Router Functionality

The router is the cornerstone of Mixtral’s efficiency, functioning as a dynamic selector of experts. At each layer, for every input token, the router chooses two experts to process the token. This is illustrated in Figure 2 where the router sits atop the layer norm and directs inputs to the chosen experts. The selection process is governed by a gating network, represented by the following equation:

\[\sum_{i=0}^{n-1} G(x)_i \cdot E_i(x)\]

Here, \(G(x)_i\) is a scalar representing the output of the gating network for the i-th expert, while \(E_i(x)\) is the output of the i-th expert. The gating vector \(G(x)\) is designed to be sparse, meaning most of its elements are zero, and computation is only performed for the non-zero elements, corresponding to the top \(K\) experts with the highest gating values. This sparsity ensures that only the most relevant experts for a given token are engaged.

The gating mechanism is mathematically formalized as:

\[G(x) := \text{Softmax}(\text{TopK}(x \cdot W_g))\]

where \(W_g\) is a weight matrix and TopK selects the top \(K\) logits, setting all others to negative infinity, effectively zeroing them out.
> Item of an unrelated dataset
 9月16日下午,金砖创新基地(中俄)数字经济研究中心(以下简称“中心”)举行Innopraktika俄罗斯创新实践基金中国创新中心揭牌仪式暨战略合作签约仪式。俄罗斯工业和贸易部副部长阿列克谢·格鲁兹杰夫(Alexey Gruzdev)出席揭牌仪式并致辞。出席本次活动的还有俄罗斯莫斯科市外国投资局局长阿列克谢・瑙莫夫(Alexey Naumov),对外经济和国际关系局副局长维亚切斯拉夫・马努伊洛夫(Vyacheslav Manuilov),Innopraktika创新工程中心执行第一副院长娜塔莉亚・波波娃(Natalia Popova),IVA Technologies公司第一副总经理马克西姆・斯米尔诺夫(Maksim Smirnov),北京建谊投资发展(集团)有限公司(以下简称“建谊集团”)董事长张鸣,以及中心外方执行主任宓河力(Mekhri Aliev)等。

In Mixtral, \(K\) is set to 2, meaning that for each token, only two experts are actively contributing to the model’s output, hence the designation 8x7B – eight experts per layer in a 7 billion parameter model.
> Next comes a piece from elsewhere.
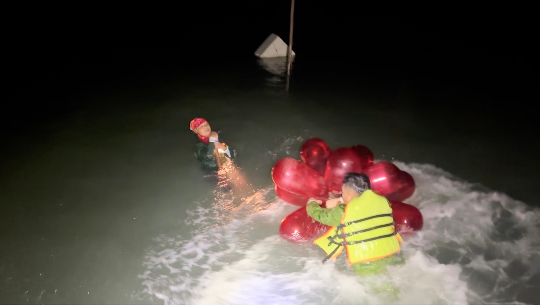 Đến 4h40 ngày 25/11, lực lượng chức năng tìm thấy hai nạn nhân trong tình trạng nguy kịch, đang phải ôm đỉnh cọc hơn 6 tiếng đồng hồ khi thủy triều dâng lên hơn 3m tại khu vực Cỏ Gà, luồng Hà Cối.
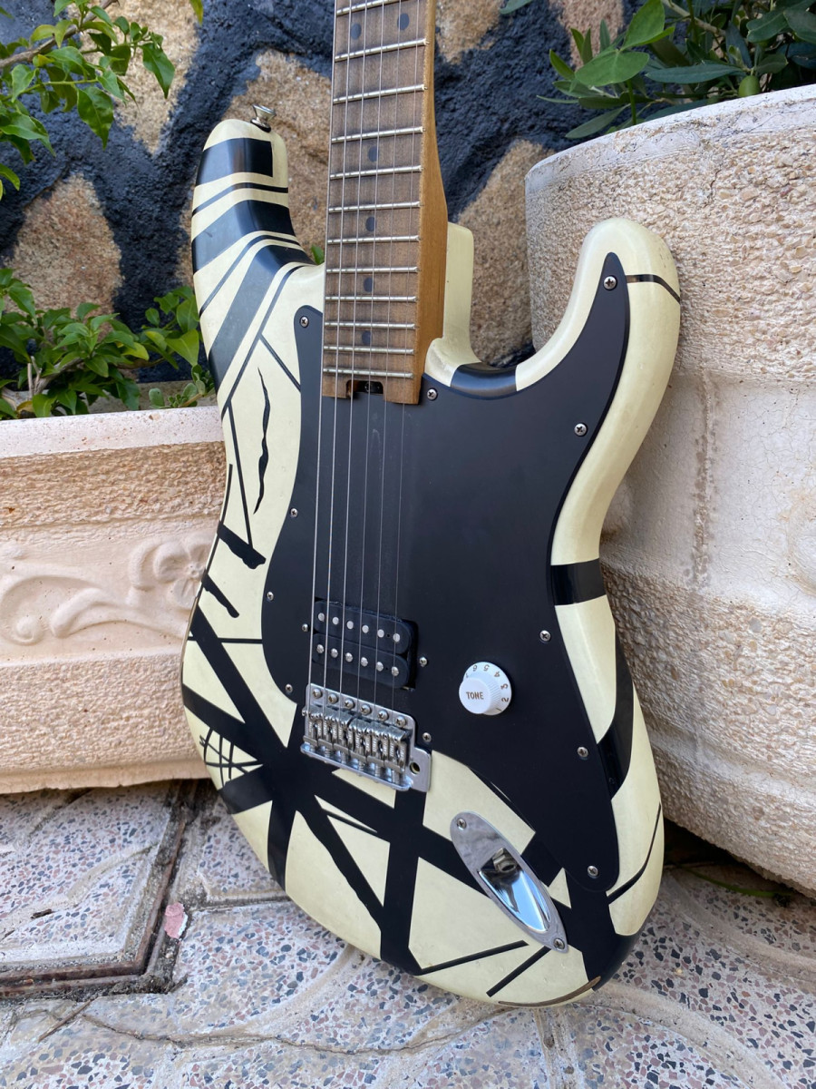 Vendo la EVH Franki Striped 78 Eruption, la guitarra está perfecta y habrá saido de casa 2 veces, totalmente ajustada y nueva, el único cambio que tiene es el golpeador, le puse uno negro mate, pero conservo el original.

Through this method, Mixtral 8x7B achieves a balance between the expansive capacity of a large parameter set and the practical constraints of inference time and computational resource usage.

Integration of Experts

Within the innovative framework of Mixtral 8x7B, as visualized in Figure 2, the router selects two experts for each token. Once these experts have processed the token independently, their outputs are not left in isolation. Instead, the outputs are combined through an additive process to form the final output for the token. This is mathematically represented as a weighted sum, where the output \(y\) for an input token \(x\) is calculated using the equation:

\[y = \sum_{i=0}^{n-1} \text{Softmax}(\text{Top2}(x \cdot W_g))_i \cdot SwiGLU_i(x)\]
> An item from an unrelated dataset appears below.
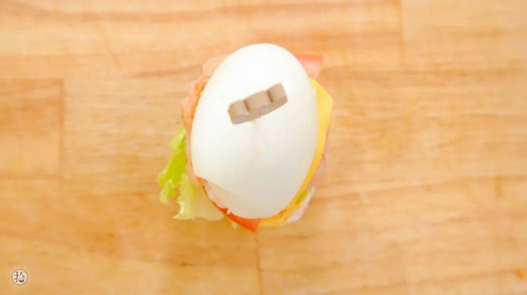 5.再放上蝦餅、芝士片、雞蛋,最後用竹簽固定住就可以瞭。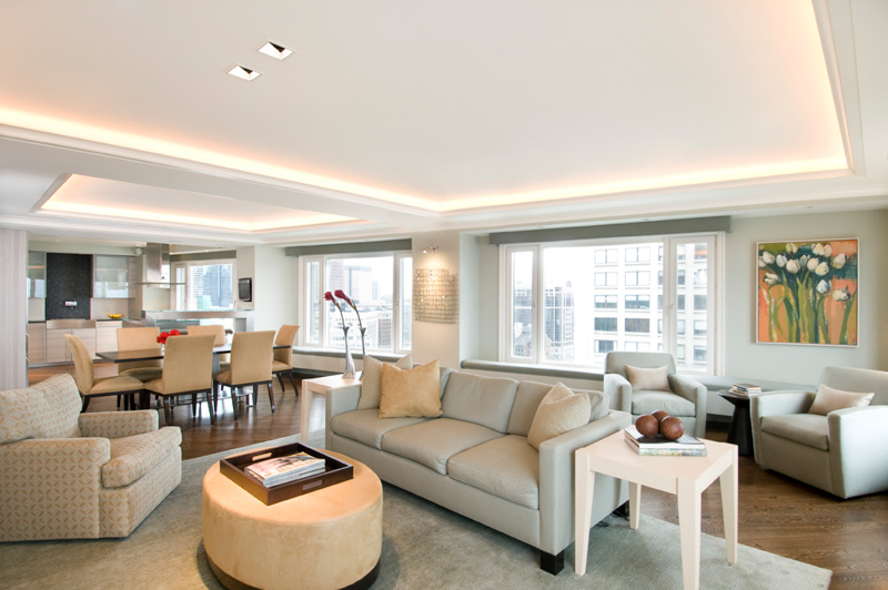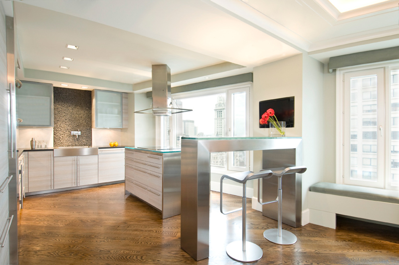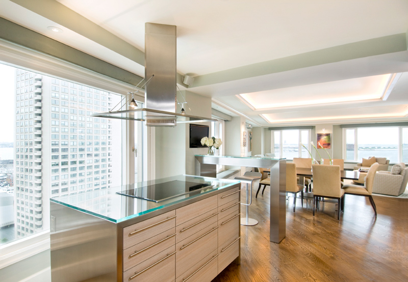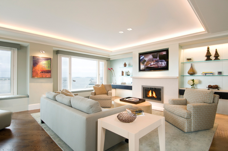 The total renovation of this 1980’s era home, with its outdated materials and cramped spaces, provided a clean palette to bring it forward to the current times. By opening the wall between the living area and the future kitchen, this created an open concept expanse which allowed the homeowners to take advantage of the fabulous water view. With cleaned lined, comfortable and transitional furnishings, the home is welcoming but also city chic. The fireplace was enhanced with a beautiful feature wall consisting of cantilevered glass shelving, sandblasted mirror, cabinetry topped with stone, and extensive LED accent lighting. Throughout the whole residence, soffits that were designed with intent and with lighting to enhance the space.

Each term in the sum corresponds to one of the two selected experts, with the softmax function ensuring that the gating network’s outputs \(G(x)\) act as weights, conferring the appropriate influence to each expert’s contribution.

Note 1: No details are provided regarding the training dataset.

Note 2: Another distinction between Mixtral 8x7B and the conventional transformer lies in the substitution of the standard FFN with the SwiGLU activation function within its expert layers.

Experiments

The primary aspects of the experimental setups are as follows:

Tasks: Commonsense Reasoning, World Knowledge, Reading Comprehension, Mathematical Problem-solving, and Code Generation
Dataset: For commonsense reasoning, datasets such as Hellaswag, Winogrande, and CommonsenseQA were used. World knowledge was tested using the NaturalQuestions and TriviaQA datasets. Reading comprehension abilities were gauged via BoolQ and QuAC. For mathematics and code generation, the GSM8K and Humaneval datasets were instrumental, respectively.
Baselines: Llama2 70B and GPT-3.5

One interesting finding from the experiments is the apparent randomness in the selection of experts by the router for processing tokens, with no noticeable pattern in expert choice across different inputs. However, their analysis reveals a tendency for consecutive tokens to be processed by the same expert, suggesting a behavior of localized expertise within the model’s architecture.

Conclusion

In conclusion, the Mixtral 8x7B model leverages the potential of integrating Sparse Mixture of Experts (SMoE) within a transformer architecture to enhance efficiency and effectiveness in language processing tasks. Through its innovative router mechanism and SwiGLU activation functions, Mixtral demonstrates superior performance across a range of benchmarks.